For example, we can compare some analogies. The most famous is the following: king – man + woman = queen. In other words, adding the vectors associated with the words king and woman while subtracting man is equal to the vector associated with queen. In others words, subtracting the concept of man to the concept of King we get a representation of the "royalty". Then, if we sum to the woman word this concept we obtain the word "queen". Another example is: france – paris + rome = italy.
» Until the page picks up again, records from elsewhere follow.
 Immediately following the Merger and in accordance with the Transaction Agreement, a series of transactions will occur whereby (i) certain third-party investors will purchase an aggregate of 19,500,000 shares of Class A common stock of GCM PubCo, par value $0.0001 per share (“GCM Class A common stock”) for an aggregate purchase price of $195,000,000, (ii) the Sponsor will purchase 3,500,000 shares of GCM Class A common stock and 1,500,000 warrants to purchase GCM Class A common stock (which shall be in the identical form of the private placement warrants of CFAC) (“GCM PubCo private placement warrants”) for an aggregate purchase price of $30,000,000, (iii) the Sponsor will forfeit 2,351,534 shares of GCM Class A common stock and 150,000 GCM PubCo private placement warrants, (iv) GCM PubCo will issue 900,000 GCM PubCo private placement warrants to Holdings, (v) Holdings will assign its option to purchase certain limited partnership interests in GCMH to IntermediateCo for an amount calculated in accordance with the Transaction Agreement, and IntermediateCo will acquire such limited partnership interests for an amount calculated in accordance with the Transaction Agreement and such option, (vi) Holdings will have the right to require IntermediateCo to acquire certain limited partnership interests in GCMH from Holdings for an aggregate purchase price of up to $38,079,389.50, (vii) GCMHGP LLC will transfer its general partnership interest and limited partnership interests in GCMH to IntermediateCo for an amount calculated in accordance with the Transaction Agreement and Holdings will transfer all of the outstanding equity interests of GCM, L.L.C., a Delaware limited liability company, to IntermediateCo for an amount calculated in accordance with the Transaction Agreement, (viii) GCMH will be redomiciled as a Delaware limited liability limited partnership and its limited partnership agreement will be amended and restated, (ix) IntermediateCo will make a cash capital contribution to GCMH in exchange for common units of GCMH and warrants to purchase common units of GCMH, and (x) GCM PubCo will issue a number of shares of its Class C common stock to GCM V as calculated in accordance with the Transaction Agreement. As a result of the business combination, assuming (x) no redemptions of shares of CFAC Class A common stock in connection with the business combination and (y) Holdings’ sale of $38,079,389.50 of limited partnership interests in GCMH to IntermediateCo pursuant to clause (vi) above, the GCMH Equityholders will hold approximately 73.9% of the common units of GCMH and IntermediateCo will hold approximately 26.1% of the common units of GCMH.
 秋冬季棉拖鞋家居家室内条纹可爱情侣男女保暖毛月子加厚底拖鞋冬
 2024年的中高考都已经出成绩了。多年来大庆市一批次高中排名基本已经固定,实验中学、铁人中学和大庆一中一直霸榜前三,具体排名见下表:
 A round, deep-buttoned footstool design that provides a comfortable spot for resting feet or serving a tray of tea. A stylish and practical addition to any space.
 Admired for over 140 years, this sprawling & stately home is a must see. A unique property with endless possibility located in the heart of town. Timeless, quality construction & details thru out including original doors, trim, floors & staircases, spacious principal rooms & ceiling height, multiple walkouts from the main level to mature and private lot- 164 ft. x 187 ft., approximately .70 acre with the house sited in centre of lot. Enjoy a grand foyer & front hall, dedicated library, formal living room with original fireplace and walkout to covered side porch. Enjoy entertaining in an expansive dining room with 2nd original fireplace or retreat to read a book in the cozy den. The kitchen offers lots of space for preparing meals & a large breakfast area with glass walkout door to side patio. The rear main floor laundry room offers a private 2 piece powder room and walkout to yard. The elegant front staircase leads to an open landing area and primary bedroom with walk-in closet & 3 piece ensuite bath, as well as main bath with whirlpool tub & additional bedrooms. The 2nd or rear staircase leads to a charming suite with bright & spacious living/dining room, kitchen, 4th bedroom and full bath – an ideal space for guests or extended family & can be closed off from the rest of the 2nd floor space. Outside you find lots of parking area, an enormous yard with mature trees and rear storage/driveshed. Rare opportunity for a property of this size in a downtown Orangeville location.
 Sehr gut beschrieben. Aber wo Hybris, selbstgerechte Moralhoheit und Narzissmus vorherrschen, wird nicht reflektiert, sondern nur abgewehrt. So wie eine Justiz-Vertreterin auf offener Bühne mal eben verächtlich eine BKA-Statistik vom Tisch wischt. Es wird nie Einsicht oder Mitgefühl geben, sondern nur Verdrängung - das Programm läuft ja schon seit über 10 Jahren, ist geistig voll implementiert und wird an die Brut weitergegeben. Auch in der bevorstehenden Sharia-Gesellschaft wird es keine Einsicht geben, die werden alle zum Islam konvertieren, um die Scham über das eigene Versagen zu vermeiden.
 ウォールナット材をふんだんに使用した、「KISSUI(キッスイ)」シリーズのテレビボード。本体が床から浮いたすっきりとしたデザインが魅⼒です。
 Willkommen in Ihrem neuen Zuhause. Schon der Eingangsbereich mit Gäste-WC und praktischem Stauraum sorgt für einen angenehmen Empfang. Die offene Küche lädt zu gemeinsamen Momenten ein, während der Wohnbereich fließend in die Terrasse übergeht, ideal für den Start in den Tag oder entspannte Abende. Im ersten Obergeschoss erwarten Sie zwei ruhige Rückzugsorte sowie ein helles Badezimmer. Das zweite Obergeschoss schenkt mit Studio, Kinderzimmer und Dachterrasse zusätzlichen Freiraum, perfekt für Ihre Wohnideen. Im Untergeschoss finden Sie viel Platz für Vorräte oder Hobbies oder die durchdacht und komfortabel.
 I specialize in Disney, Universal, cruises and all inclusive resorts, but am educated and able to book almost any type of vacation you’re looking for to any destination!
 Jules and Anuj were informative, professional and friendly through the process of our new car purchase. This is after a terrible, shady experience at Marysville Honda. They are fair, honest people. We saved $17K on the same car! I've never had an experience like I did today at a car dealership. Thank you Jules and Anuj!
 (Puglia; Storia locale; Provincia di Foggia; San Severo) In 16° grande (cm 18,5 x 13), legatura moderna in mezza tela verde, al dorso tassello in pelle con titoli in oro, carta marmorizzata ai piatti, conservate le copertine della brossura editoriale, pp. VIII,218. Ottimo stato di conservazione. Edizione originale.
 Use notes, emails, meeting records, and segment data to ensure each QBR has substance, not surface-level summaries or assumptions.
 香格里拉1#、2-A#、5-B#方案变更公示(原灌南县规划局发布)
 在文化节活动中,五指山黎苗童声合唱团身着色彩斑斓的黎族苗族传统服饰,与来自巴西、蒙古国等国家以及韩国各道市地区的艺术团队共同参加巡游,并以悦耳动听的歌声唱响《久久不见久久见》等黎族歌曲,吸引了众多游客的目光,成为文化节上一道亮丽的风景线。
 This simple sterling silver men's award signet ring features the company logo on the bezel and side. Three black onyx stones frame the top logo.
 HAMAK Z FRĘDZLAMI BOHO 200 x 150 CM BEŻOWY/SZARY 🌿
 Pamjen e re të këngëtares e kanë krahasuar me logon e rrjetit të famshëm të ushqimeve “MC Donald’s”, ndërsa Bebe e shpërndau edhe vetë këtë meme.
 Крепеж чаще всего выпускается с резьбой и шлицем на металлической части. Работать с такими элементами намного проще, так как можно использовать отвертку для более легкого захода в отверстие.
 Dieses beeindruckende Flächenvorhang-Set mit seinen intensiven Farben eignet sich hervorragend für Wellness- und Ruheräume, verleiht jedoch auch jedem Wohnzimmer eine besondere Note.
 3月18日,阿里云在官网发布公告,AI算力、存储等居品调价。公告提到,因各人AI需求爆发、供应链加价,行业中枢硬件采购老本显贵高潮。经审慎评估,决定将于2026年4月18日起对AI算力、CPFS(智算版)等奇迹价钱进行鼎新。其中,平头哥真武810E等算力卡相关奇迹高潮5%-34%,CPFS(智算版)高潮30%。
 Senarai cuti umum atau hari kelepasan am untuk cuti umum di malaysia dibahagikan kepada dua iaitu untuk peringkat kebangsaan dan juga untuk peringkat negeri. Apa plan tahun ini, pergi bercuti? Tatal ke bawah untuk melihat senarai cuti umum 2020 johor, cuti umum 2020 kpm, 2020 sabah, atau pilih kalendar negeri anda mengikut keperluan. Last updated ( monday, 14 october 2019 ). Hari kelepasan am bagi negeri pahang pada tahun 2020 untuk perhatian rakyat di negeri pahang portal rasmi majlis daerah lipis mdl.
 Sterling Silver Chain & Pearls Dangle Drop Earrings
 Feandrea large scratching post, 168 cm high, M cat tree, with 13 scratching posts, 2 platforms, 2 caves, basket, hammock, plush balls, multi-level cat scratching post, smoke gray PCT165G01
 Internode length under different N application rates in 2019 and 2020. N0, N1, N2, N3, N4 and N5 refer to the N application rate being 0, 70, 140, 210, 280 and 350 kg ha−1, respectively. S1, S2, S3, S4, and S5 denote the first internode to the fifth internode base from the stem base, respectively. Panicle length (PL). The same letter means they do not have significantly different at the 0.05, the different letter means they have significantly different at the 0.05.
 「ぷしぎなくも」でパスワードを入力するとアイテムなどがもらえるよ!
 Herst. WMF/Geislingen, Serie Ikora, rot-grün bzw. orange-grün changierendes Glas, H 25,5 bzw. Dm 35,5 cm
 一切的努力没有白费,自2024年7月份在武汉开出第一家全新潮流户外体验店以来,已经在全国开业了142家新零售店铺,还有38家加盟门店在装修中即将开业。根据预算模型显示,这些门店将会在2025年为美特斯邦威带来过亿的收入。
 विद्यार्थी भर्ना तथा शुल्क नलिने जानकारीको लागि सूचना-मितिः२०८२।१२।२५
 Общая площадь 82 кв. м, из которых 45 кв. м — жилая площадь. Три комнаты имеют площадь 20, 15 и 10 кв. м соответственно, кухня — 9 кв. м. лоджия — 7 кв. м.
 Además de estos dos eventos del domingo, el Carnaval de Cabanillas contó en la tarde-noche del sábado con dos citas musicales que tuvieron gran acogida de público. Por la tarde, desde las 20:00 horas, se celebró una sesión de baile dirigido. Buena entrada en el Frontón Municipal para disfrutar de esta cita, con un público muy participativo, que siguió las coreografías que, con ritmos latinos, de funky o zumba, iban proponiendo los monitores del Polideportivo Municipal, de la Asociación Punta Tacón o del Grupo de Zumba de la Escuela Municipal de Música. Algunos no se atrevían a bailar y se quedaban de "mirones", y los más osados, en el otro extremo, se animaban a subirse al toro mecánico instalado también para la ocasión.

In this case, the vector difference between paris and france captures the concept of country.
Now we will show some of thise analogies in different topics.
result = model.most_similar(positive=['woman', 'king'], negative=['man'], topn=1)
print('King - Man + Woman = ',result)
result = model.most_similar(positive=['rome', 'france'], negative=['paris'], topn=1)
print('France - Paris + Rome = ',result)
result = model.most_similar(positive=['english', 'france'], negative=['french'], topn=1)
print('France - french + english = ',result)
result = model.most_similar(positive=['june', 'december'], negative=['november'], topn=1)
print('December - November + June = ',result)
result = model.most_similar(positive=['sister', 'man'], negative=['woman'], topn=1)
print('Man - Woman + Sister = ',result)
We can observe how the word vectors include information to relate countries with nationalities, months of the year, family relationships, etc.
But not always we get the expected results:
#But not always we get the expected result
result = model.most_similar(positive=['aunt', 'nephew'], negative=['niece'], topn=1)
print('France - Paris + Rome = ',result)
We can extract wich words are more similar to another word, so they all are "very close" in the vector space.
result = model.most_similar(positive=['spain'], topn=10)
print('10 most similar words to Spain: ',result)
result = model.most_similar(positive=['football'], topn=10)
print('\n10 most similar words to Football: ',result)
result = model.most_similar(positive=['doctor'], topn=10)
print('\n10 most similar words to Doctor: ',result)
#Lets show some measure of similarities between words
result = model.similar_by_word("cat")
print(" Cat is similar to {}: {:.4f}".format(*result[0]))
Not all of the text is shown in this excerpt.